Zug, Switzerland-based Allied World, whose coverages include commercial liability, released Wednesday its financial results for the three months ending March 31. Its combined ratio in the most recent quarter was 99.1% up 3.1 points from 96% in Q1 2016.
Four months ago, Allied World announced it has agreed to be acquired by Toronto-based Fairfax Financial Holdings Ltd.
Broken down by segment, Allied World’s combined ratios were 102.6% in North American insurance (up 7 points from 95.6% in Q1 2016), 107.4% in global markets insurance (a 14.4 point improvement from 121.8% in Q1 2016) and 87.8% in reinsurance (a 5.5-point deterioration from 82.5% in Q1 2016).

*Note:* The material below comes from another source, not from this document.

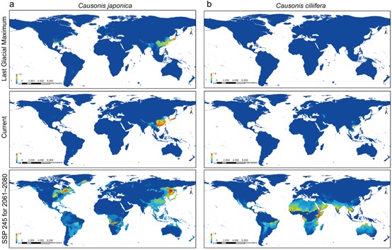 Fig. 3 The global distribution variations of wide-ranged Causonis japonica and narrow-ranged Causonis ciliifera under climate change.

During the most recent quarter, Allied World said it “experienced $11.0 million in catastrophe losses, or 2.0 percentage points on the loss and loss expense ratio, related to Cyclone Debbie, compared to no reportable catastrophe losses in prior year quarter.” Of its cat losses in the first three months of this year, “$7.5 million was recorded in the Reinsurance segment and $3.5 million was recorded in the Global Markets Insurance segment.”
“During the first quarter of 2017, the company recorded net favorable reserve development on prior loss years of $$1.7 million, compared to $25.4 million a year ago,” Allied World said in a press release. “In the prior year quarter, the company benefited from significant favorable development in the Reinsurance segment. In the current quarter, adverse development in the North American Insurance segment was offset by favorable development in both the Global Markets Insurance segment and the Reinsurance segment.”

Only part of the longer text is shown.